The biggest change for the user is probably the comments, which are now powered by Disqus. Consider it a trial. I’ve seen Disqus popping up on a number of sites the past year or so. At first it annoyed me, mostly because I use NoScript and did not want to enable JavaScript for another domain just to comment on a site. But after I got over that I found that Disqus wasn’t too bad. As a user I found it to be on par with the standard comment systems provided by Wordpress, Blogger, and the like. The extra features don’t appeal to me. But as an administrator, Disqus appeals to me more because it means that I no longer have to manage comments myself! And as a developer, I’m attracted to some of the things that Disqus has done (they’re a Python shop, and run on top of Django) and their open source contributions.

So I’m giving it a shot. Disqus will happily export comments, so if I (or you) decide that I don’t like it, it will be easy to move to another system.

Markdown

One final note: I like Markdown. That might be an understatement.

I first starting using Markdown on GitHub, which I signed up for about the same time I started with Django and Python. After learning the syntax and playing with it for a few weeks, I discovered that I had a very hard time writing prose in anything else. In fact, the desire to write blog posts in Markdown was probably the biggest factor that influenced me to get off my butt and move away from Wordpress.

So, I incorporated Markdown into the blog. But rather than just making the blog Markdown-only, I took a hint from Mingus and included django-markup, which supports rendering in many lightweight markup languages.
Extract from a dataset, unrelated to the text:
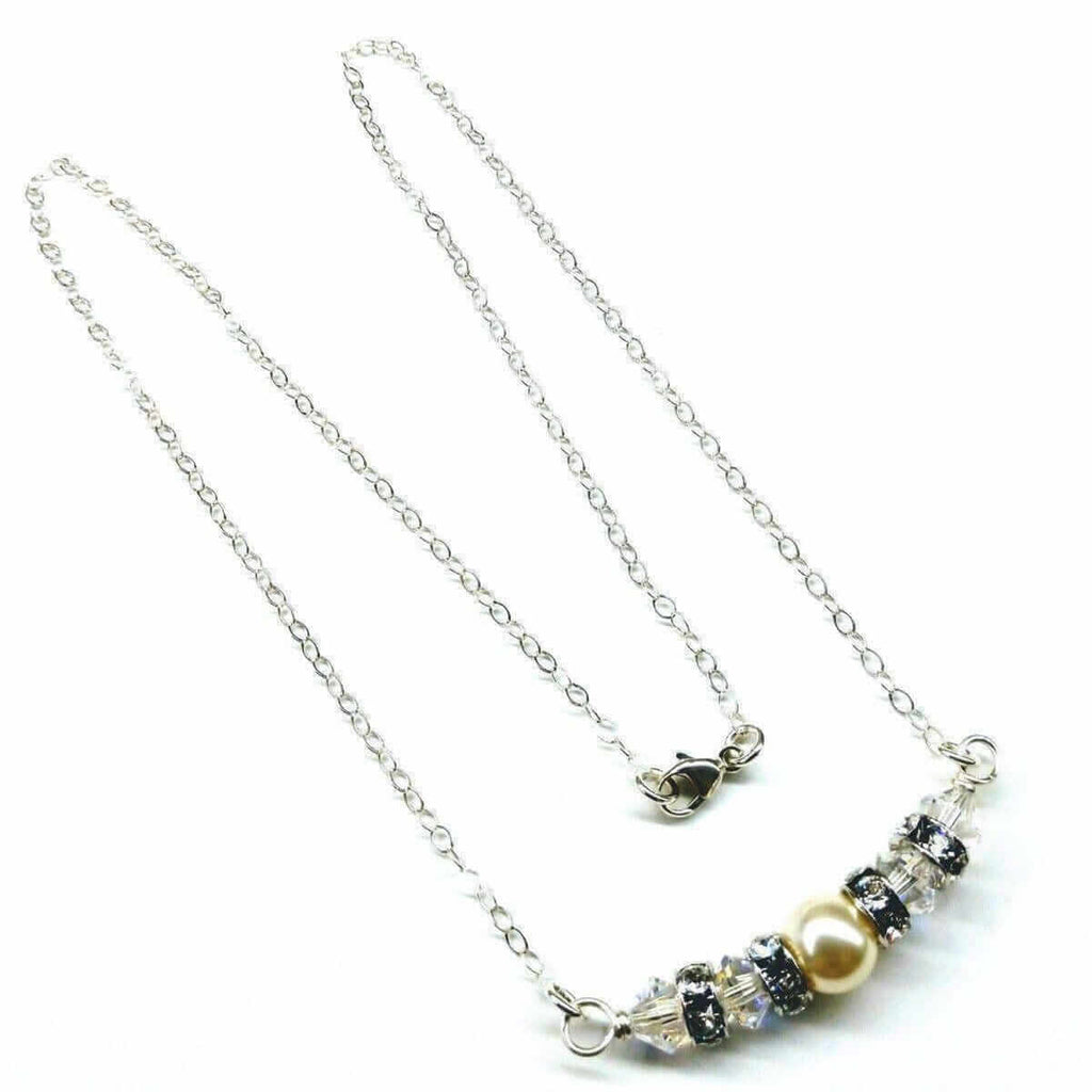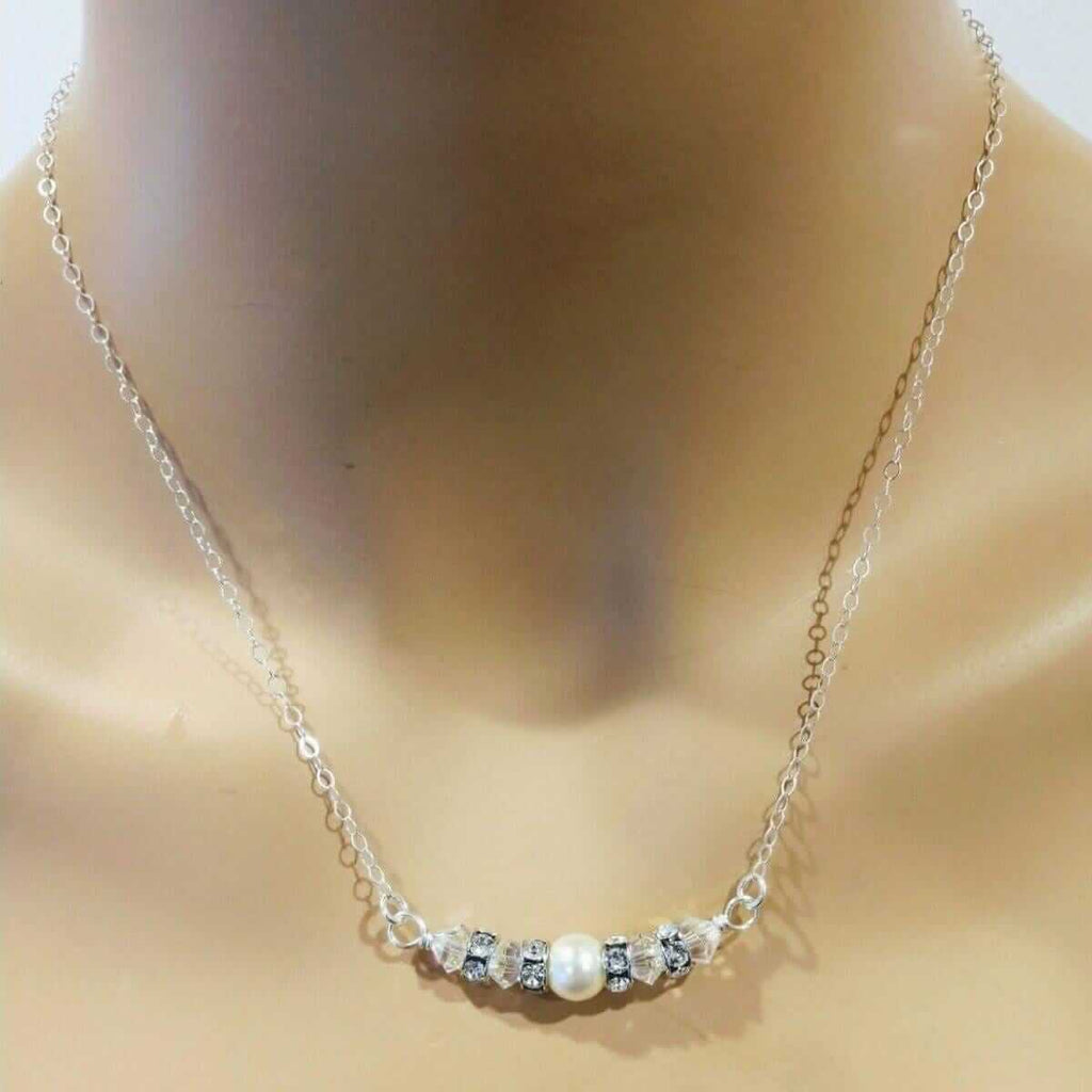 Silver Swarovski Crystal Pearl Bar Bridal Necklace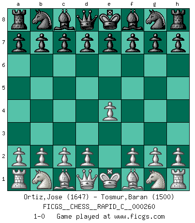 Last move : 1-0 2021 May 2 2:9:31 [Event "FICGS__CHESS__RAPID_C__000260"] [Site "FICGS"] [Date "2021.03.26"] [Round "1"] [White "Ortiz,Jose"] [Black "Tosmur,Baran"] [Result "1-0"] [WhiteElo "1647"] [BlackElo "1500"] 1.e4 1-0 This chess game has been lost on time (started : 2021.03.26 1:45:11) King's pawn Opening Player White won this chess game. Follow this game move after move (download)Chess is played with the mind and not with the hands ! (Renaud and Kahn) Das Schachspiel ist ein See, in welchem eine Mücke baden und ein Elefant ertrinken kann. (Emanuel Lasker) El ganar no lo es todo... pero el perder es nada. (Mednis) Horreur, mais aussi harmonie suprême : qu'y avait-il en effet au monde en dehors des échecs ? Le brouillard, l'inconnu, le non-être... (Vladimir Nabokov) Man with more than one clock never knows what time it is. (Chinese thought)

Because I’m still new to Markdown and occasionally cannot remember the correct syntax, I wanted to include some version of WMD. WMD is a What You See Is What You Mean editor for Markdown, a sort of alternative to WYSIWYG editors like TinyMCE. (It is my believe that WYSIWYG editors are one of the worst things to happen to the Internet.) All WMD consists of is a JavaScript library. The original was written by a guy named John Fraser, who was abducted by aliens some time in 2008. Since his disappearance from the interwebs, WMD has been forked countless times. I looked around at a few found a version that I was happy with (which happens to be a fork of a fork of a fork of a fork), and rolled it into a reusable app. While I was at it, I made some visual changes to the editing area for the post body. The result is an attractive post editing area that is simple to use and produces clean code. I think it is much better than what is offered by Wordpress.

Twitter Changes

I’ve decided that I don’t like pulling individual tweets into the blog as uniquely styled posts. For now, that behavior has been disabled. I’ve moved to a single weekly aggregate post including all the previous week’s tweets. We’ll see how that goes.

Since individual tweets are no longer being pulled in, I’ve put a list of the most recent tweets down in the footer. Next to that you’ll also find a new list of the week’s most popular posts. Fancy!